By R&D Editors | December 22, 2014

VRIt’s like a scene from a gamer’s wildest dreams: 12 high-definition, 55-inch 3-D televisions all connected to a computer capable of supporting high-end, graphics-intensive gaming. On the massive screen, images are controlled by a Wii remote that interacts with a Kinnect-like Bluetooth device (called SmartTrack), while 3-D glasses worn by the user create dizzying added dimensions.

But this real-life, computer-powered mega TV is not for gaming. It’s for engineering.

Welcome to Brigham Young University’s VuePod, a 3-D immersive visualization environment run by BYU’s Department of Civil and Environmental Engineering. Student-built and operated, under the supervision of civil engineering professor Dan Ames, the VuePod is changing the way engineers are viewing environmental engineering challenges.

“This is gold,” said fellow BYU civil engineering professor Kevin Franke. “This technology has the ability to revolutionize my job as an earthquake engineer.”

That’s because the VuePod allows users to virtually fly over, wander through or hover above 3-D environments that are otherwise difficult to visit. The images are created by point data from aircraft equipped with LIDAR (think RADAR, but with lasers). The LIDAR scans the landscape and records millions of data points that are then viewed as an image on the VuePod. Point data can also be created from stitched-together photographs taken from low-cost drones, which is Franke’s research focus.

One set of data currently available for study in the VuePod captured a canyon area beneath a plateau in southern Idaho. With 3-D glasses and the Wii controller, a user can virtually drop down into the canyon from above, and then fly from one end to the other.

As cool as it is to fly through a canyon, the real engineering application comes in when you combine two sets of data for the same canyon, taken five years a part. With the second set of data, changes in the natural landscape that are invisible to the human eye become clear as day.
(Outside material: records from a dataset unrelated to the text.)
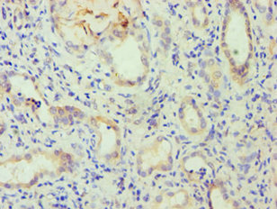 Immunohistochemistry of paraffin-embedded human kidney tissue using CSB-PA008700ESR1HU at dilution of 1:100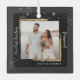 Modern brushed-gold framed wedding photo amid snowflakes, with Our First Christmas Married in a festive white calligraphy script, makes the perfect memento keepsake gift for the just married newlyweds, this Christmas holiday season. Easily customize your name and year of choice.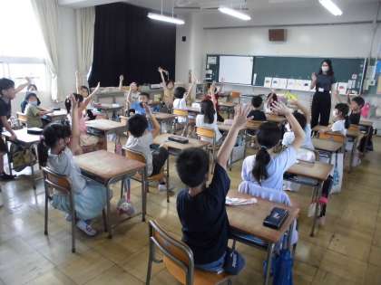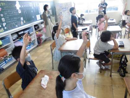 色の名前を英語で覚え、いろいろなゲームをしました。体を動かして楽しく活動できました。

Thanks to the VuePod’s massive 108-square-foot screen, all of the image-making data can be presented for viewing.

“Our eyes and our brains are so amazing; we need to take full advantage of them,” Ames said. “That’s the value of this project: we’re presenting more information for the human eyes to detect changes.”

In addition to natural change detection, the VuePod has the potential to assist in infrastructure monitoring — such as tracking how highways hold up (or slough and crack) over time and seeing the effect on buildings after severe weather or earthquakes.
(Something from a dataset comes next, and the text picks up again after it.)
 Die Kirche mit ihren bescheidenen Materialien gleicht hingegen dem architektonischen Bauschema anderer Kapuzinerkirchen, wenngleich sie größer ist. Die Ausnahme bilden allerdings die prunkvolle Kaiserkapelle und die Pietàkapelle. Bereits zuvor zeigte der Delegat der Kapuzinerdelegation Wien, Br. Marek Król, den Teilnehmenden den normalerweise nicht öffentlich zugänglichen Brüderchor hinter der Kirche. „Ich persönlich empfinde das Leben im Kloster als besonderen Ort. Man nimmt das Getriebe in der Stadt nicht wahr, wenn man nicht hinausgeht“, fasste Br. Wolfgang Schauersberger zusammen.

While the VuePod is certainly not the first immersive visualization system in academia, it may just be the most cost efficient built to date. Some systems cost as much as $10 million to build and maintain, while BYU’s VuePod just barely topped the $30,000 mark.

Ames details how BYU was able to build such a powerful system for so little in a new paper published by the Journal of Computing in Civil Engineering.
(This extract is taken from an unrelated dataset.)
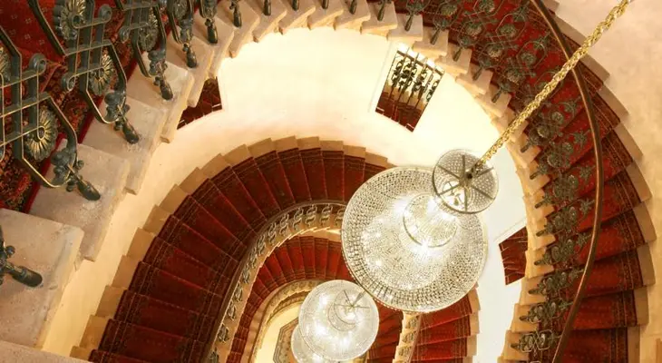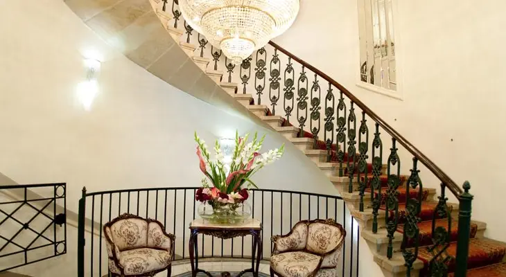 "Former palace, superbly located on the main square, featuring medieval portals, ornate ceilings... an impressive staircase and the largest Swarovski chandelier in Europe."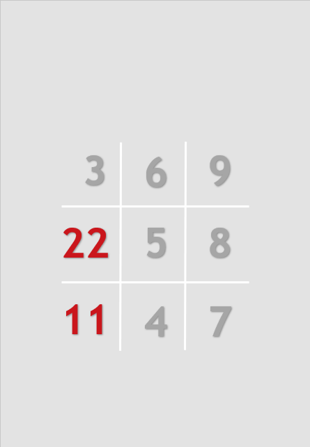 Trong Numerology, ý nghĩa căn bản của mỗi con số được dựa trên bí nghĩa gốc được Pythagoras truyền dạy cho các học trò của mình cách đây hơn 2.500 năm. Theo đó, bạn hãy áp 9 con số tự nhiên vào một biểu đồ vuông vức, mỗi cạnh bao gồm 03 con số theo thứ tự từ dưới lên trên, từ trái qua phải (xem hình minh họa). Và nhìn vào mỗi số, bạn hãy nghiệm qua các ý nghĩa của từng số như sau:

“Our question has been: How can we make this technology accessible?” Ames said. “We’re trying to determine the threshold for getting the most function at the most affordable cost. Ultimately, the goal is to take an expensive tool and make it cheaper for an everyday engineering firm to use.”

And even though Ames and his students have achieved that, they believe much more can be done.

“We want whoever reads this paper to be able to build a better system than we built,” he said.